Potential Treatment Identified for Inflammatory Myofibroblastic Tumors
The cause of a rare sarcoma may provide a promising new treatment target for soft tissue cancer.
Researchers may have pinpointed the cause of a rare soft tissue cancer that is resistant to chemotherapy and radiation. Furthermore, the team identified a drug that shows promise treating the disease.
Inflammatory myofibroblastic tumors are commonly found in children and young adults. The main form of treatment is surgery, however, the tumors will often reappear in different areas of the body. There is currently no standard of care for patients with this rare form of sarcoma.
In a study published in the Annals of Oncology, researchers found that the drug ceritinib showed promise in patients with inflammatory myofibroblastic tumors. Additionally, the researchers were able to trace tumor growth to chromoplexy.
Chromoplexy is a complex chromosomal rearrangement that causes genes to scramble, break DNA strands, and then reassemble in a defective way, according to the study.
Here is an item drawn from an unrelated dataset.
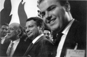 Giorgio Almirante, Jean-Pierre Stirbois, Roland Hélie au congrès du MSI à Sorrente en décembre 1987.

A connection was made when a 32-year-old male patient did not respond to a nonsteroidal anti-inflammatory drug designed to shrink tumors in his chest, lung, and buttock. The FDA granted compassionate use for ceritinib, and within 2 weeks the patient began responding to the drug. After 18 months, the patient was well enough to undergo surgery to remove the tumors in his lung and buttock.
The researchers conducted a DNA test on the tumors using mate pair sequencing, a test that scans the entire genome to pinpoint genetic defects and chromosomal breaks. Using this method, researchers found 142 genes that had been impacted, many of which had known links to cancerous tumors.
“Mate pair sequencing helped identify these rearrangements, which may not have been seen with normal sequencing techniques,” said first study author Aaron Mansfield. “We look forward to offering more patients this new, advanced type of DNA testing to discover potential causes and treatments for diseases.”
The authors noted that more research on ceritinib needs to be done to determine whether it should be approved for individualized treatments.